Reviewing hyphenation

From Wiki
Revision as of 22:16, 4 February 2009 by Huttarl (talk | contribs) (created the page)
(diff) ← Older revision | Latest revision (diff) | Newer revision → (diff)
Jump to navigation Jump to search

The Problem

We have a situation where hyphenation is an issue, due to a 2-column layout where the columns are not very wide. We've done a lot of tweaking of settings for hyphenation and interword spacing, and the result seems pretty good. In particular, there are not many cases of consecutive lines that end with hyphens, and not many cases where a hyphenation occurs over a right-hand page break. The few cases that exist, we have been fixing manually by using \hbox{...} to prevent hyphenation at the trouble spot.

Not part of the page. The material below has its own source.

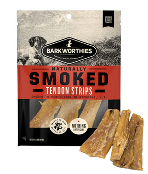 Barkworthies Naturally Smoked Tendon for Dogs offers a delightful, single-ingredient chew made from grass-fed beef and smoked with hickory for an irresistible smoky smell. This medium-hard chew is suitable for dogs of all ages, providing a healthy alternative to rawhide.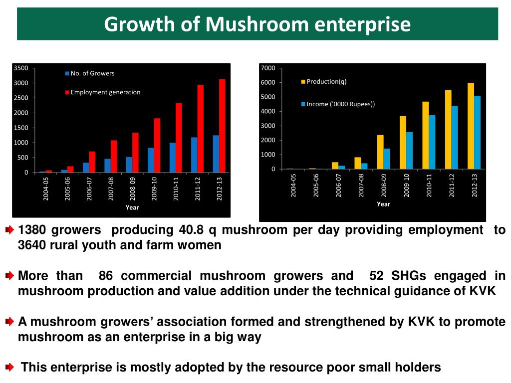 Growth of Mushroom enterprise • 1380 growers producing 40.8 q mushroom per day providing employment to 3640 rural youth and farm women • More than 86 commercial mushroom growers and 52 SHGs engaged in mushroom production and value addition under the technical guidance of KVK • A mushroom growers’ association formed and strengthened by KVK to promote mushroom as an enterprise in a big way • This enterprise is mostly adopted by the resource poor small holders

But the hyphenation is by nature somewhat volatile, so whenever we change something we would like to be able to easily recheck the hyphenation. And our book is over 1200 pages, so it would be very helpful to have tools to make the checking more efficient.

Potential Solutions

PDF viewers

One tool we found was the "evince" PDF viewer in Linux, which highlights all search results at once. So you can search for "-", and it will highlight all hyphens, which makes it easier to scan the PDF visually for hyphenation problems.

Still, this approach has its limitations... our layout domain experts don't have Linux machines, and I haven't found a PDF viewer for Windows that can highlight all search results at once.

(We are still looking into Okular, which is available for Windows at

A ConTeXt solution

Another approach we wondered about was having TeX highlight the hyphenations... e.g. changed the background color to yellow or red, when outputting a word that's dynamically broken/hyphenated. (Rather like we have TeX output red grid lines to help with debugging layout.) I think we would also want to highlight static hyphens that occur at the end of a line, as in "Niger- Congo," because they have a similar visual impact. Possibly using a different color.

This would be an ideal solution, I think, but we don't know how to have TeX detect when a word gets dynamically hyphenated. (I made some inquiries on the NTG list to this effect. The response was that it would be not difficult to implement this in mkiv, but it could not be done in mkii. And we were not free to move to mkiv.)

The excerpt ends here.